Background: Dairy foods have been shown to improve bone mineral density (BMD) in non-Hispanic whites. Puerto Rican adults have a higher prevalence of osteoporosis and vitamin D deficiency than non-Hispanic whites. However, there is little understanding of lifestyle influences on bone in this population. Objective: The aim of this study was to examine associations of dairy intakes with BMD among adults from the Boston Puerto Rican Osteoporosis Study with and without adequate serum vitamin D status. Methods: A total of 904 participants in this cross-sectional analysis provided dietary intakes with a culturally tailored food-frequency questionnaire. Dairy food groups were calculated [total dairy, modified dairy (without cream or dairy desserts), fluid dairy (milk + yogurt), cheese, yogurt, and cream and desserts]. BMD (grams per centimeter squared) was measured using dual-energy X-ray absorptiometry. Vitamin D status was defined as sufficient (serum 25-hydroxyvitamin D [25(OH)D] ≥20 ng/mL) or insufficient (<20 ng/mL).

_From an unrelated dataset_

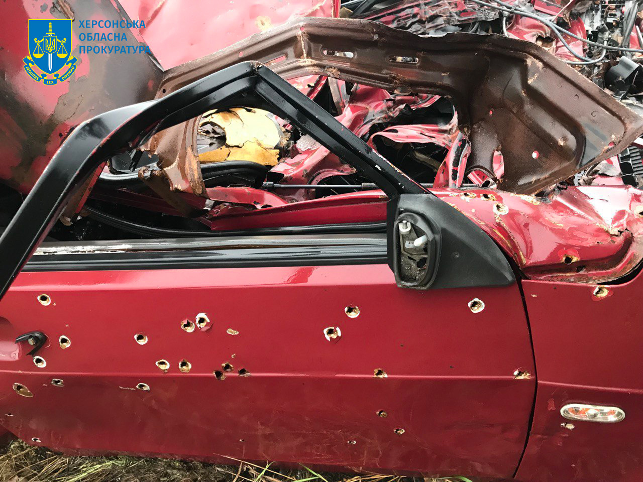 В Херсонської області задокументовано черговий цинічний злочин військових рф. У березні 2022 року військовослужбовці зс рф між двома селами у Херсонському районі розстріляли з автоматичної зброї автомобіль, в якому перебувало двоє цивільних, та переїхали його танком.

General linear models were used to examine associations between dairy intake and BMD, stratified by vitamin D status. Results: Of the total sample, 73% were women, of whom 87% were postmenopausal. Mean ± SD age was 60.0 ± 7.6 y and mean ± SD body mass index (kg/m2) was 32.3 ± 6.6. Mean serum 25(OH)D (range: 4-48 ng/mL) was 14.3 ± 3.6 ng/mL in insufficient individuals and 26.0 ± 5.5 ng/mL in sufficient individuals. In the full sample, higher intakes of modified dairy foods (β = 0.0015, P = 0.02) and milk (β = 0.0018, P = 0.04) were associated with higher femoral neck (FN) BMD. Among those who were vitamin D sufficient, higher intakes of total dairy (P = 0.03-0.07), fluid dairy (P = 0.01-0.05), and milk (P = 0.02-0.09) were significantly related to higher FN and lumbar spine BMD, respectively. Among vitamin D-insufficientparticipants, dairy intakes were not associated with BMD (P-range = 0.11-0.94). Conclusions: Dairy food intakes were associated with higher BMD among adults, particularly those with sufficient vitamin D status. Future studies should confirm findings longitudinally and assess culturally acceptable lifestyle interventions to improve bone health among Hispanic adults. This trial was registered at clinicaltrials.gov as NCT01231958.